Virtual Lab Development
This theme will focus on the development and deployment of virtual labs as a key instantiation of the integration of heterogeneous data and models that is central to our project. Virtual labs are also a key component of our Pathways to Impact. The virtual labs will be cloud-based; initial experiments will be carried out in a private cloud environment at Lancaster University, with mature software migrated to JASMIN as part of the Data Labs Initiative, to make it available to broader environmental communities.
We will develop an integrated platform for storing and processing heterogeneous data in a cloud environment. Importantly, this will incorporate a cloud broker to provide independence from underlying providers and allow computations to be executed on the most appropriate platforms. This potentially enormous task is feasible since building blocks are available in the cloud, and we can leverage other CEH and Lancaster initiatives in pilot virtual laboratories.
We will develop software frameworks to support model integration as a key intellectual output and significant advance in the state-of-the-art in virtual labs. This will support all aspects of model integration. Consequently, the framework will support the execution of integrated modelling experiments, involving arbitrary configurations of process and data models. The framework will ensure interoperability across different models, using a RESTful approach, but will go significantly beyond (syntactic) interoperability and ensure semantic integration, allowing end-to-end reasoning about uncertainty. As a final stage, we will look to automatically deploy and manage complex model runs from a high-level description of that particular lab, building on the experience of model-driven engineering and domain-specific languages derived from the Models in the Cloud project.
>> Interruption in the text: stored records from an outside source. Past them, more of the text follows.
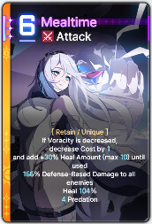 Predation is Narja’s other important gimmick, which can also be gained by fulfilling different conditions when using her cards. When Narja has Predation, whenever she consumes Voracity, she will further boost the damage output of the attack cards used by a massive amount.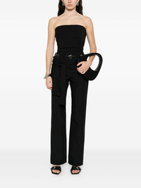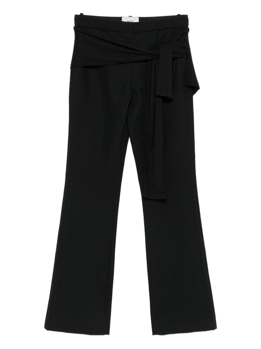 tie-waist trousers Highlights - Black - Tie waist - Flared legs - Belt loops Imported Composition Recycled Polyester 100%, Modal 50%, Cotton 50% SIZE & FIT Model measurements Height 5 ft 9 in(1.75 m) Bust/Chest 32.67 in(83 cm) Hips 36.22 in(92 cm) Waist 24.8 in(63 cm) Washing instructions Dry Clean Only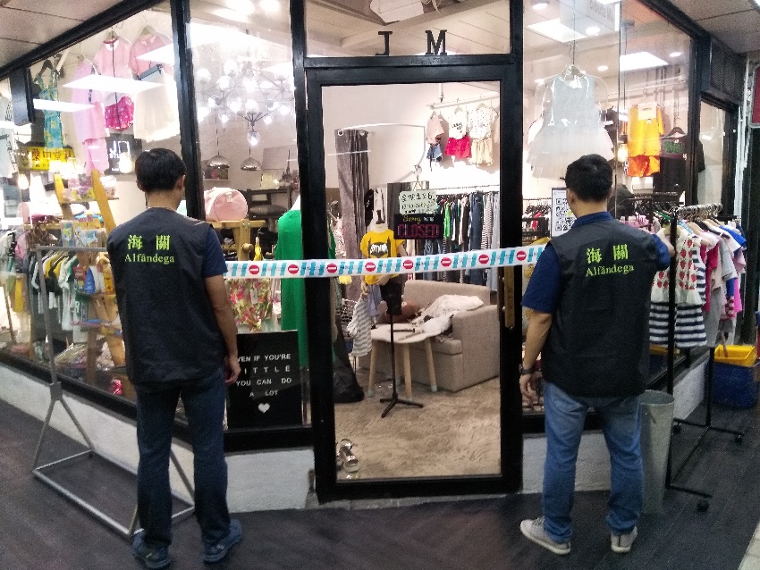 於2016年5月19日,較早前海關接獲市民以電話舉報,指中區一店舖涉嫌售賣侵權服裝,經部署後,採取突擊搜查行動,查獲侵權成衣及背包約1480件,市值約50萬澳門元,行動中帶走1名本澳男性店主協助調查。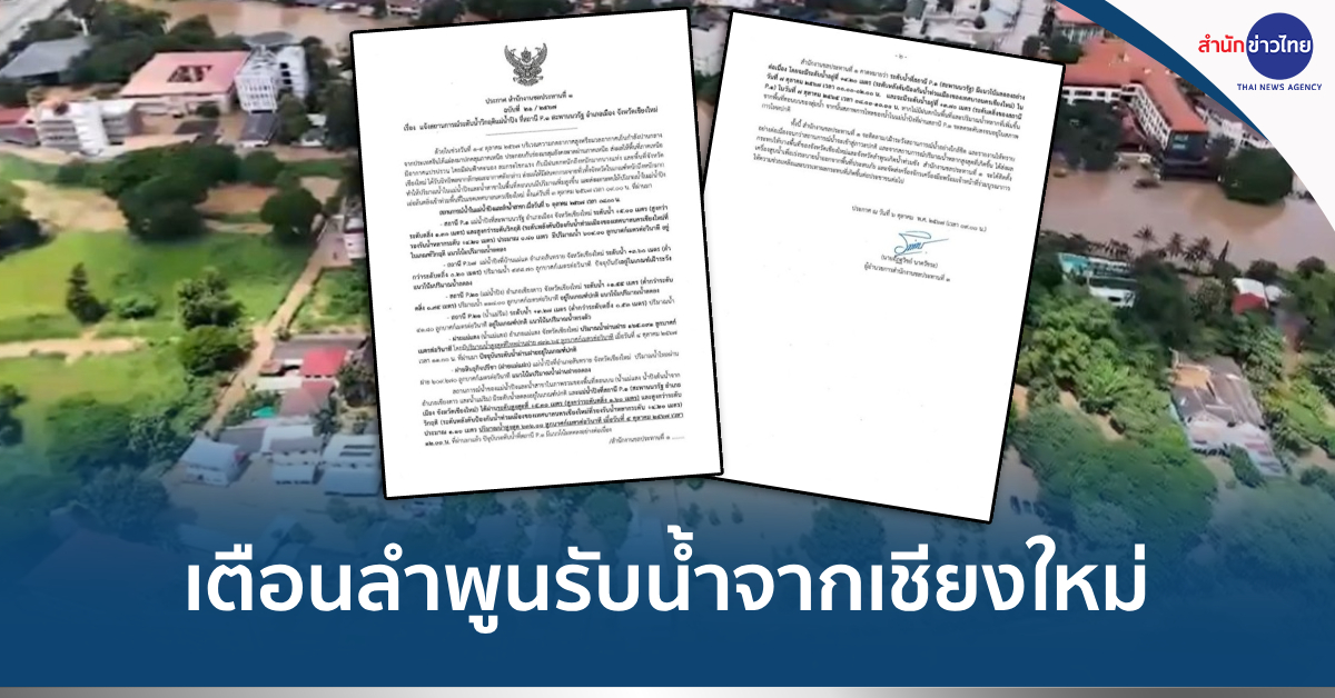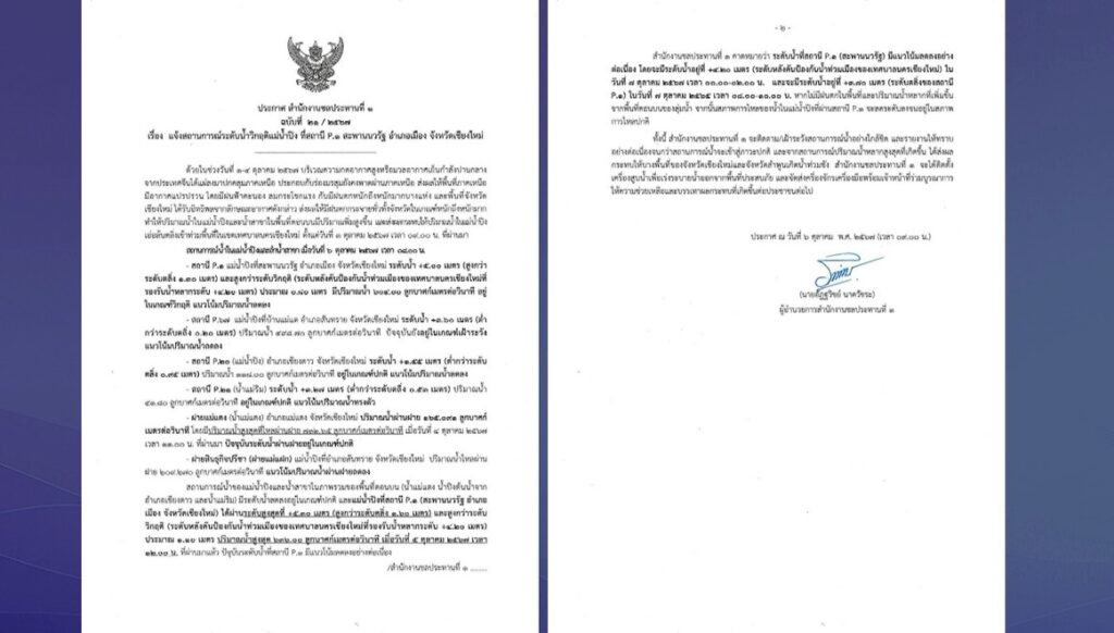 ลำพูน 7 ต.ค. – กรมชลประทาน ประกาศเตือน จ.ลำพูน หลายพื้นที่ เตรียมรับมวลน้ำมหาศาลจาก อ.สารภี จ.เชียงใหม่
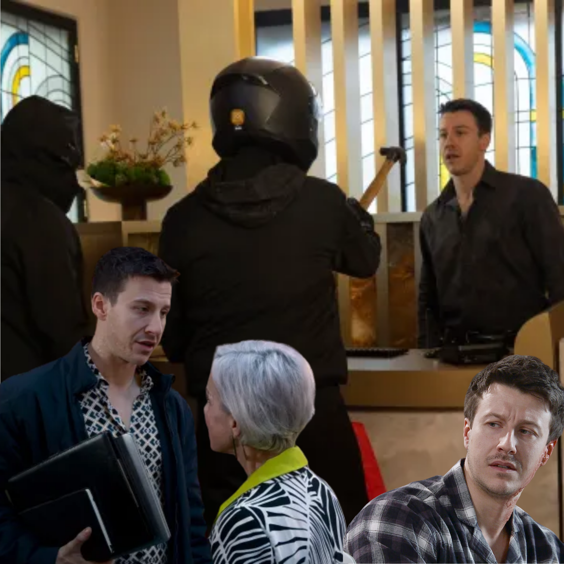 At the Chariot Square Hotel, two masked robbers approach Ryan in reception. When one of them pulls out a claw hammer and orders him to open the safe, Ryan freezes with fear. Having stuffed the contents of the safe into a bag, the robbers attack Ryan.

We will provide tools to support decision making, targeting a range of audiences. This will include an ability to interrogate and query the underlying data, the live execution of model runs on the cloud and the subsequent visualisation of data or model output. We plan to go significantly beyond this by supporting scenarios as first class (and persistent) entities in the virtual lab, which can be developed, stored and explored, allowing ‘what if’ investigations. Finally, we plan to provide support for Jupyter notebooks for creating and sharing notebooks containing live code execution, and to explore the role of such technologies in documenting science and decision-making, thus providing specific mechanisms for open science.